What you have to do:
What you return must be exactly the lines from the beginning of the material through the line containing "Komplektā iekļauta lupa", both included, and no pictures.

Data shown:
---------------

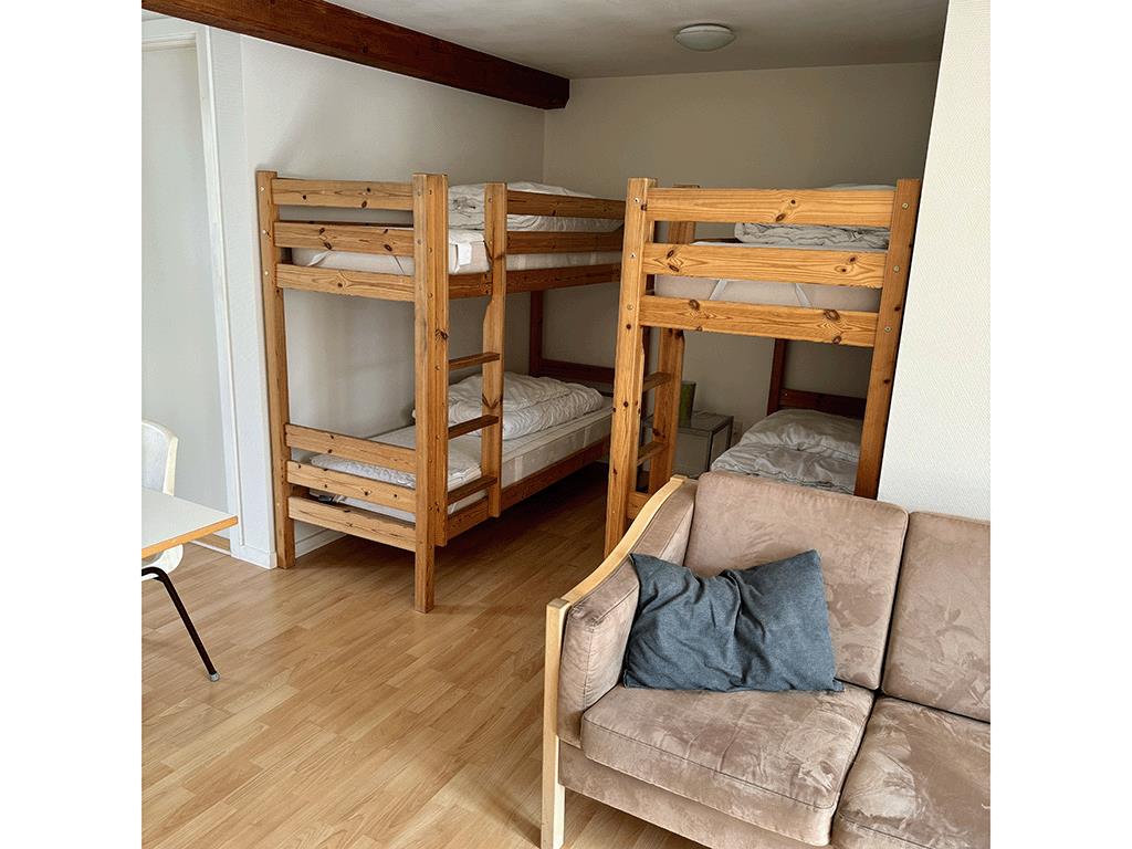 Sengelinned medbringes eller lejes, for 60 kr pr. person. Incl. slutrengøring.
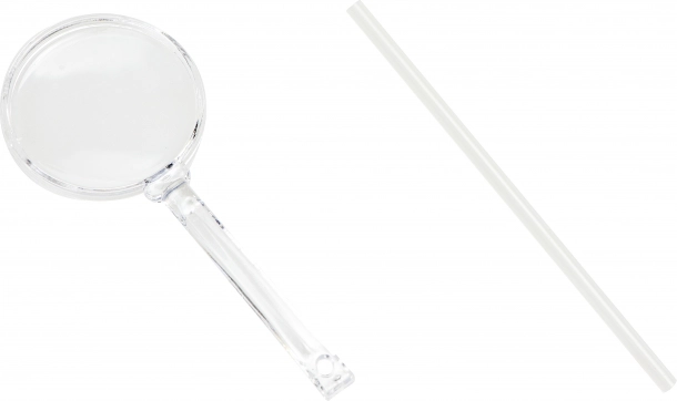 Komplektā iekļauta lupa un plastmasas kociņš/salmiņš, lai viegli veidotu atveres un detalizēti pētītu skudru ceļus.
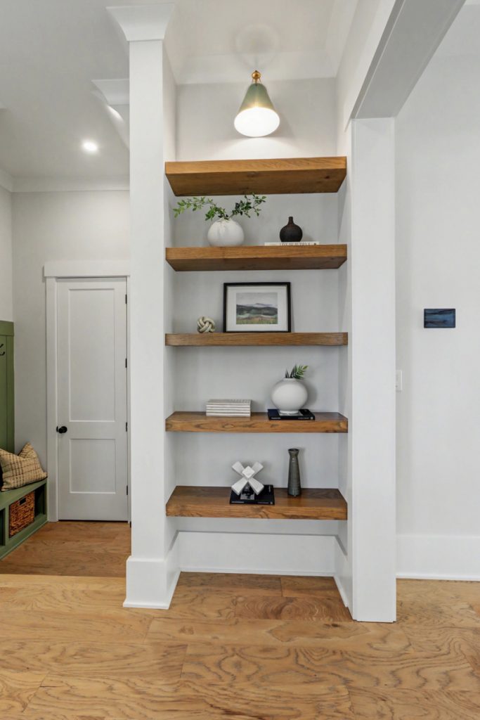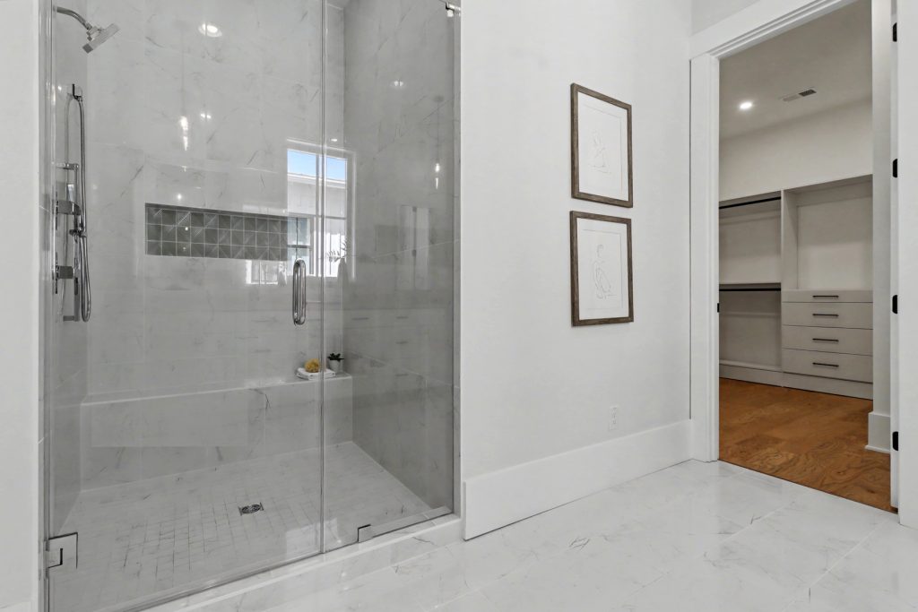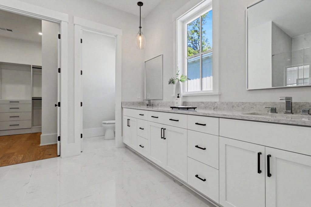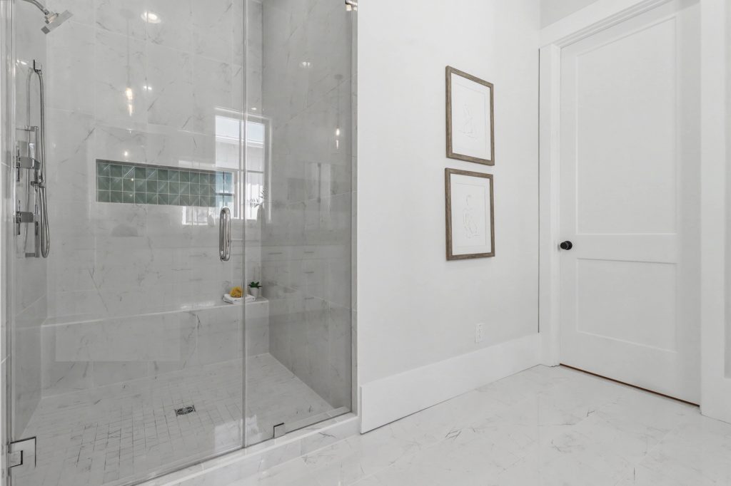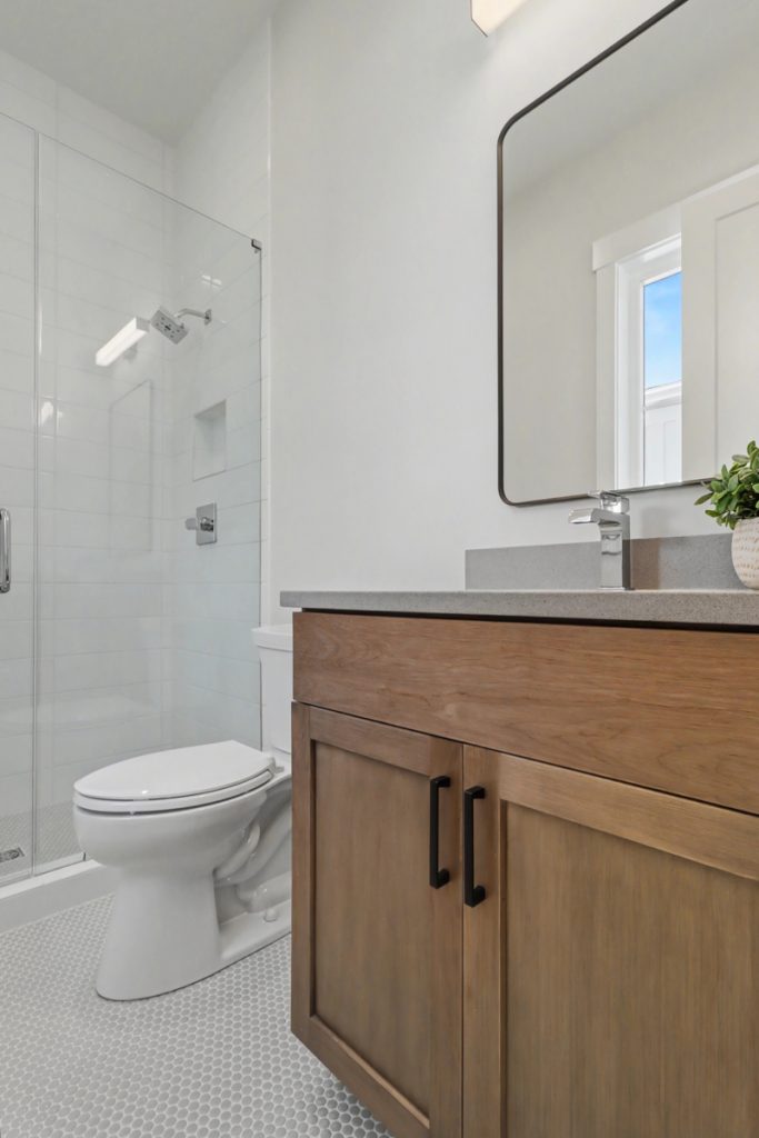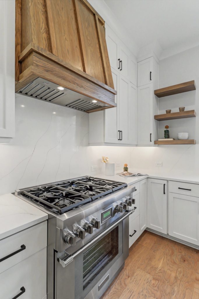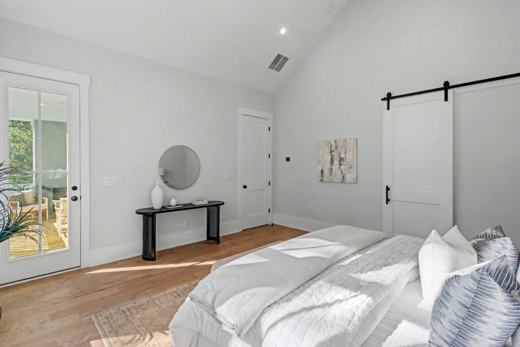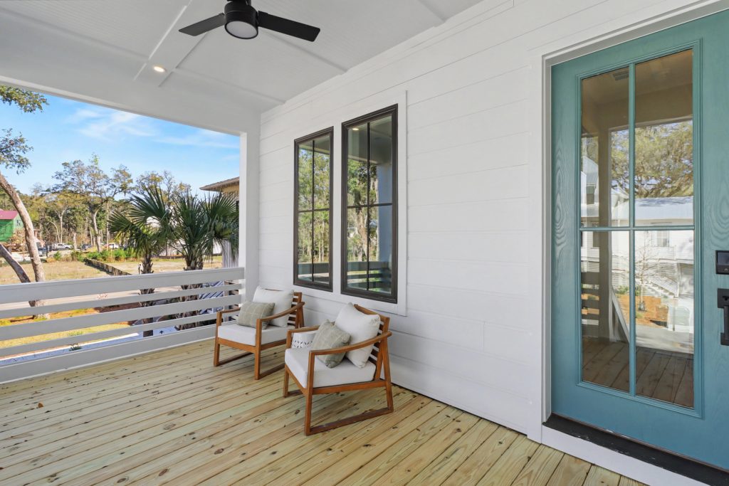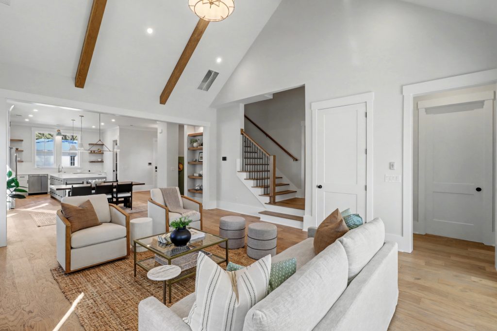 Inspired by the serene beauty of the coast, the Modern aesthetic brings together soft whites, simple textures, and an airy, light-filled ambiance. Warm wood cabinetry in the kitchen extends to the ceiling, complemented by gorgeous quartz countertops that seamlessly continue up the backsplash for a clean, sophisticated look. The blue island serves as a stunning focal point, inviting you to linger over morning coffee while enjoying the picturesque view from the expansive window wall.

---------------

Exercise result:
 Sengelinned medbringes eller lejes, for 60 kr pr. person. Incl. slutrengøring.
 Komplektā iekļauta lupa un plastmasas kociņš/salmiņš, lai viegli veidotu atveres un detalizēti pētītu skudru ceļus.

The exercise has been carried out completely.